JPH04246840A - Ic mounting method - Google Patents

Abstract

PURPOSE:To provide the title IC mounting method of stable electrical connection solving the problem of defective connection due to the minor gap between the IC chip and a circuit substrate in relation to the connecting method of the IC chip applicable to electronic equipment to the circuit substrate such as liquid crystal panel, etc. CONSTITUTION:A spacer 6 thicker than the bump contacts 2 of an IC chip 1 is fixed between the IC chip 1 and a circuit substrate 5 using a bonding agent and then the bump contacts 2 of the IC chip 1 coated with a conductive bonding agent 4 and the electrode terminals 6 of the circuit substrate 5 are aligned and coupled with one another while said bonding agent 4 is thermoset so as to electrically connect the IC chip 1 to the circuit substrate 5.

Description

[Detailed description of the invention]

0001

[Industrial Application Field] The present invention uses a conductive adhesive to connect protruding contacts formed on input/output pads of electric microcircuit elements such as IC chips and electrode terminals formed on a circuit board. The present invention relates to an IC mounting method for electrically connecting.

0002

2. Description of the Related Art Conventionally, soldering has been commonly used to connect electric microcircuit elements such as ICs to electrode terminals on circuit boards. However, in recent years, for example, in IC flat packages, etc., due to the miniaturization of IC chips and the increase in the number of connection terminals, the so-called pitch interval between connection terminals has become gradually narrower, and it has become difficult to cope with this problem using conventional soldering techniques. In addition, recently there has been a movement toward efficient use of mounting area by directly attaching bare IC chips to electrodes on glass substrates in calculators, electronic design, liquid crystal displays, etc.; There was a strong desire to develop a means of connection.

[0003] A method for electrically connecting a bare IC chip to an electrode on a circuit board is to apply a conductive adhesive to the conductive protruding contacts formed on the electrode pad of the IC chip, and then connect the electrode terminals of the circuit board.
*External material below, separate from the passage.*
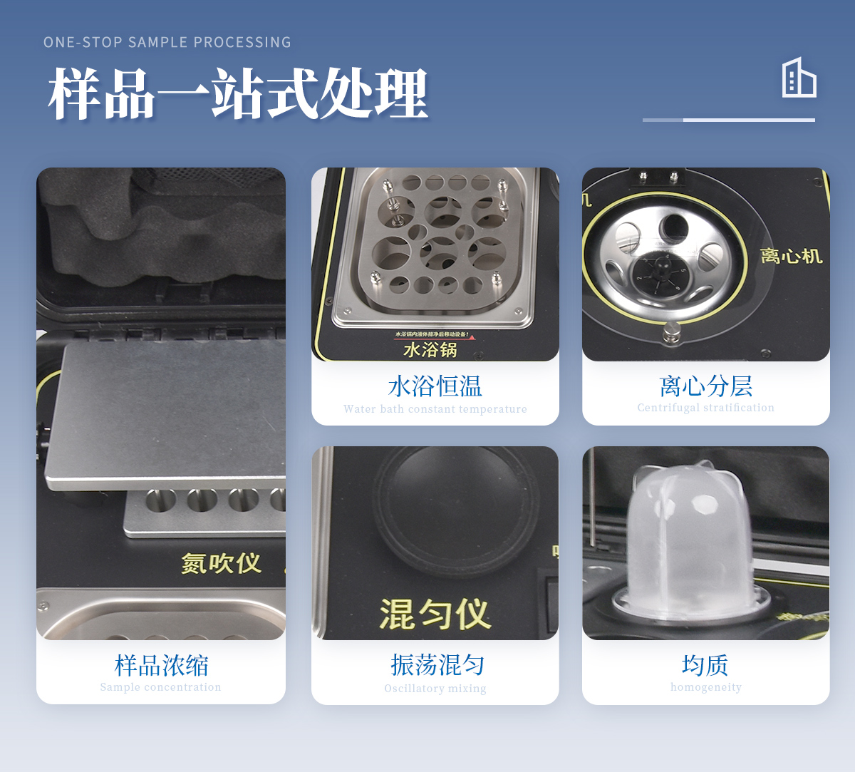 應(yīng)國(guó)內(nèi)用戶的實(shí)際需求,自行研制開發(fā)的新型儀器——QC05型樣品前處理一體機(jī)。樣品前處理集成箱將樣本前處理過(guò)程中樣品濃縮、水浴恒溫、離心分層、均質(zhì)、振蕩混勻等步驟所需設(shè)備進(jìn)行集成,僅需一臺(tái)樣品前處理集成箱設(shè)備即可完成所有樣本前處理過(guò)程,并且方便攜帶,不僅適用于現(xiàn)場(chǎng)檢測(cè)使用,還可用于色譜、質(zhì)譜等分析樣品的純化和制備。

There is a technology for electrically connecting the IC chip and the circuit board by aligning the IC chip and the circuit board and curing the adhesive (Electronic Materials, September 1990 issue, ``Low-temperature process mounting technology for higher density and greater versatility'').

[0004] A conventional IC mounting method in a liquid crystal panel will be explained below with reference to the drawings.

14 to 17 are process diagrams showing a conventional IC mounting method, and FIG. 18 is an enlarged sectional view of the X section in FIG. 17. 14 to 18, reference numeral 1 denotes an IC chip, and gold protrusion contacts 2 having a height of 30 μm and a diameter of 80 μm are formed on 150 electrode pads (not shown) at a pitch of 150 μm using a plating method. 3 is a support on which a flexible conductive adhesive 4 film is formed. 5 is a circuit board such as a liquid crystal panel, and an IT board to which the IC chip 1 is connected.
An electrode terminal 6 made of an O electrode is formed.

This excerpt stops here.